Fixed-point atan2

2012/12/27

First published February 6, 2012 then taken down for revision. Updated further in January 2017 to correct errors and expand explanations.

atan2 is a freaking useful function: given some y and x^*, it computes their “four-quadrant” arctangent^†, which is basically that coordinate’s angle in polar form.

These two beautiful Wikipedia diagrams explain why it’s so much better than the naïve atan(y/x):

It also shows the reasons why I suffered a stroke of unsanity and whipped up my own atan2 function in Q15 fixed point/1.0.15/1.15/whycan’twehaveonenameforthis format that’s so commonly used by DSP chips:

You see how smooth that thing is? That’s because it was generated in some high-falutin’ floating point on a fancy machine with a sweet FPU. Well, I program itty-bitty embedded microcontrollers with nary a hardware integer divider, so I use fixed-point arithmetic for my math. One of the more popular fixed-point formats is Q15, which is taking a 16-bit signed two’s complement integer^‡ and instead of having it represent $[- 32768, 32767]$ , have it represent $[- 1, 1 - 2^{- 15}]$ ^§. I used it out of convenience since I knew a few of the tricks for making Q15 computations go fast.
The range on atan2 output is $[- π, π]$ . That’s nice and mathemagicatical, but not so useful an angle representation on a microcontroller. See, first, that doesn’t fit inside of a Q15 number. Then even if it did, it’d still be wasteful to have your angle’s range be bookended by transcendental numbers. You got only 16 bits! You want every possible 16-bit number to be a valid and useful angle, evenly covering the whole range of possible angular positions still without redundancy. For example, there shouldn’t be different representations for both $\frac{2}{3} π$ and $- \frac{4}{3} π$ , since they’re the same angular position. So, let’s map our 16-bit range $[- 2^{15}, 2^{15} - 1]$ or $[- 32768, 32767]$ to (almost) a full turn of the circle $[- \frac{2^{15}}{2^{16}} turns, \frac{2^{15} - 1}{2^{16}} turns]$ which is really $[- \frac{1}{2} turns, \frac{32767}{65536} turns]$ .

Fixed point angular representation §

A turn here is of course a rotation of $2 π$ radians, so all this mapping does is assign a scaling factor between radians and 16-bit numbers in a unit we’ll call binary radians, or brads. Specifically, between one turn’s worth of radians and the whole 16-bit space’s worth of brads.

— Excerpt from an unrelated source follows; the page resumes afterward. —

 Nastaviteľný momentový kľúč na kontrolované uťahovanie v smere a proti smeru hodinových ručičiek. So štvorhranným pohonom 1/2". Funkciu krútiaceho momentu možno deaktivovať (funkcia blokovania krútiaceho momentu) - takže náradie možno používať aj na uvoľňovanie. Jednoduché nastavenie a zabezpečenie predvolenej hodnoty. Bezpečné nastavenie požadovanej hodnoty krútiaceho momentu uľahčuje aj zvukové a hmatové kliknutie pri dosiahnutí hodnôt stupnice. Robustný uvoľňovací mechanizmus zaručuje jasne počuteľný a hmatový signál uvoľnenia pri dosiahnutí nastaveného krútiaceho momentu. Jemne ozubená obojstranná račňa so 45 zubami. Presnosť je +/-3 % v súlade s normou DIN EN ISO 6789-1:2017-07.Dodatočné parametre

angle in radians = \frac{2 π rad}{2^{16} brad} \times angle in binary

However, this particular factor does more than only preserve precision. It aligns the overflow boundary of 16-bit integers to the wrapping that happens to angles each turn. It elegantly exploits the modular arithmetic property of binary numbers to provide angle wrapping and canonicalization. Just like adding 1° to 359° gives 0°, adding 1 to 32767 fixed point units gives −32768 fixed point units.

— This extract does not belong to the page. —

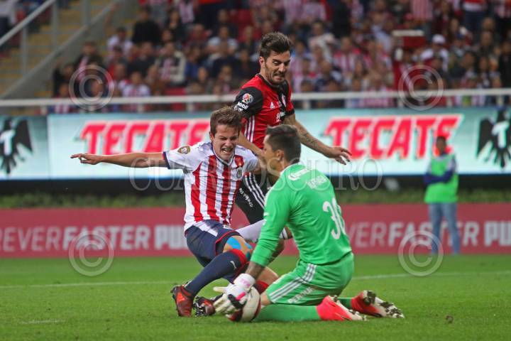 ZAPOPAN, JALISCO. 25OCTUBRE2017.- Carlos Fierro jugador de Chivas disputa un balón a Miguel Fraga y Facundo Erpen de Atlas, esto en partido correspondiente a los Octavos de Final del Torneo Apertura 2017 de la Copa MX, en donde se enfrentan los equipos de la Chivas de Guadalajara frente a los Zorros del Atlas en el Estadio Chivas. FOTO: FERNANDO CARRANZA GARCIA / CUARTOSCURO.COM
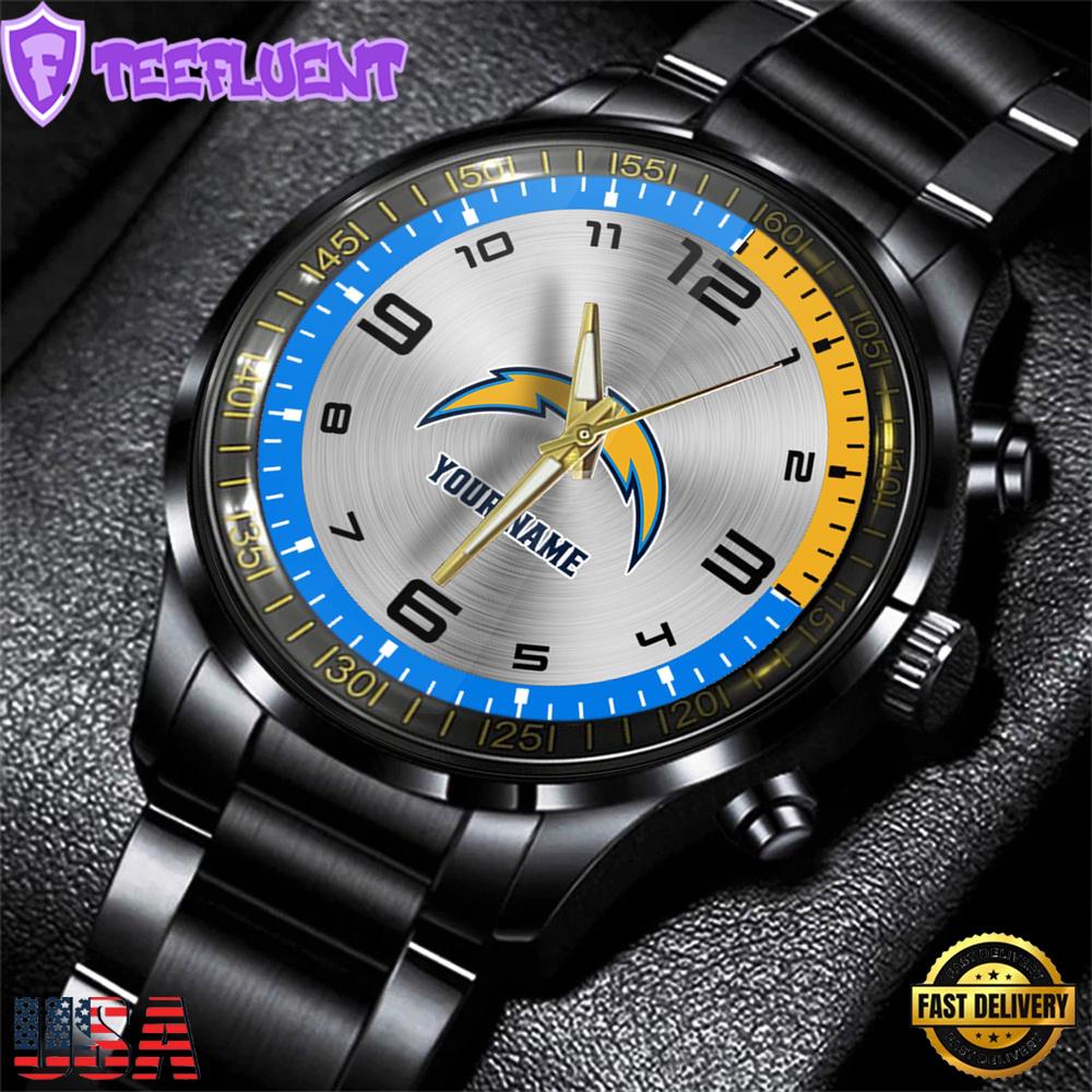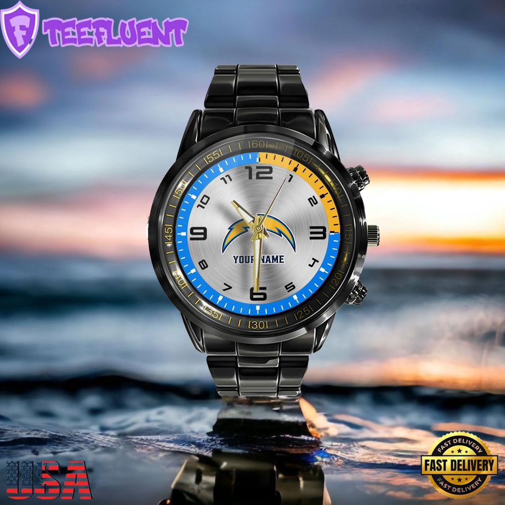 NFL Custom Name Los Angeles Chargers Black Stainless Steel Watch Gifts For Fans

This avoids having to perform modulo during angle computations to keep them “in range,” including the fairly expensive fmod.

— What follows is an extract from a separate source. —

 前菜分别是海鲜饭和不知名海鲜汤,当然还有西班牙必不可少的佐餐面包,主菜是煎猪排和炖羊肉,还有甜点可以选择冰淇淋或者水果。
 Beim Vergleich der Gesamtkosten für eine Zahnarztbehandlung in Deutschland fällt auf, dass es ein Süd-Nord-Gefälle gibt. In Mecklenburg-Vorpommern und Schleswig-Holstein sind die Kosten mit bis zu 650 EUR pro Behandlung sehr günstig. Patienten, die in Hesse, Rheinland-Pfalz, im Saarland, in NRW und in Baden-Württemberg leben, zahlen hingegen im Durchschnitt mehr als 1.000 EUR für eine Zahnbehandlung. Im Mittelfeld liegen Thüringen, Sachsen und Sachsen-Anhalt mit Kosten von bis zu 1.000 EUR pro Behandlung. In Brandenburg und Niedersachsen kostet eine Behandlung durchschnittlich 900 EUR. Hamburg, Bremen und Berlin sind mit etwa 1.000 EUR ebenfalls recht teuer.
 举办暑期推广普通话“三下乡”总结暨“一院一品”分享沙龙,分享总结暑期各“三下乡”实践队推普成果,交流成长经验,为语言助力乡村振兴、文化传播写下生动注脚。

Even more conveniently, signed binary integers can be converted to and from unsigned “for free,” as they are simply different ways to interpret the same bit pattern. Guess what? This works perfectly on angles in brads because it’s analogous to converting between $[- π, π)$ and $[0, 2 π)$ . As an example, let’s say you have the angle $\frac{4}{3} π$ , initially represented as 43691 brads:

\begin{aligned} \frac{4}{3} π rad \times \frac{2^{15} brad}{π rad} & =43691brad \\ \equiv-21845 \\ =-21845brad\times\frac{π rad}{2^{15} brad} \\ \approx0.66666πrad \\ \approx-\frac{2}{3}πrad \end{aligned}

Free conversions of angles to non-negative values and automatic rotation wrapping are incredibly powerful for digital computation. We can do wicked fast things like limited-precision sin and cos lookup tables:

const int16_t sin_lut[4096]; // a 2^12 table of precomputed sin values
const uint16_t angle; // angle in 16-bit binary radians

// right shift because there are 16x possible angles as table entries
const int16_t sin_of_angle = sin_lut[angle >> 4];

// cos(x) = sin(x + pi / 2), pi / 2 rad = 16384 brad
const int16_t cos_of_angle = sin_lut[(angle + 16384) >> 4];

// we can also round to the nearest entry
const int16_t sin_of_rounded_angle = sin_lut[(angle + (1 << 3)) >> 4];

// or linearly interpolate between them
const int16_t lower = sin_lut[angle >> 4];
const int16_t upper = sin_lut[(angle >> 4) + 1];
const int16_t angle_fraction = (angle & 0xF) << (15 - 4);
const int16_t better_sin = lerp(lower, upper, angle_fraction);

Note that the contents of the int16_t numbers above are not bradians, but “normal” Q15 fixed point numbers representing the range $[- 1, 1 - 2^{- 15}]$ .

Implementing `atan2` §

Given that $atan2 (x, y) = arctan (\frac{y}{x})$ when $x, y$ are in quadrants I and IV, I can implement atan2 using arctangent near zero, where it’s smooth and easily approximated. Inputs outside of that domain can be manipulated into it, provided that the output is adjusted for those manipulations.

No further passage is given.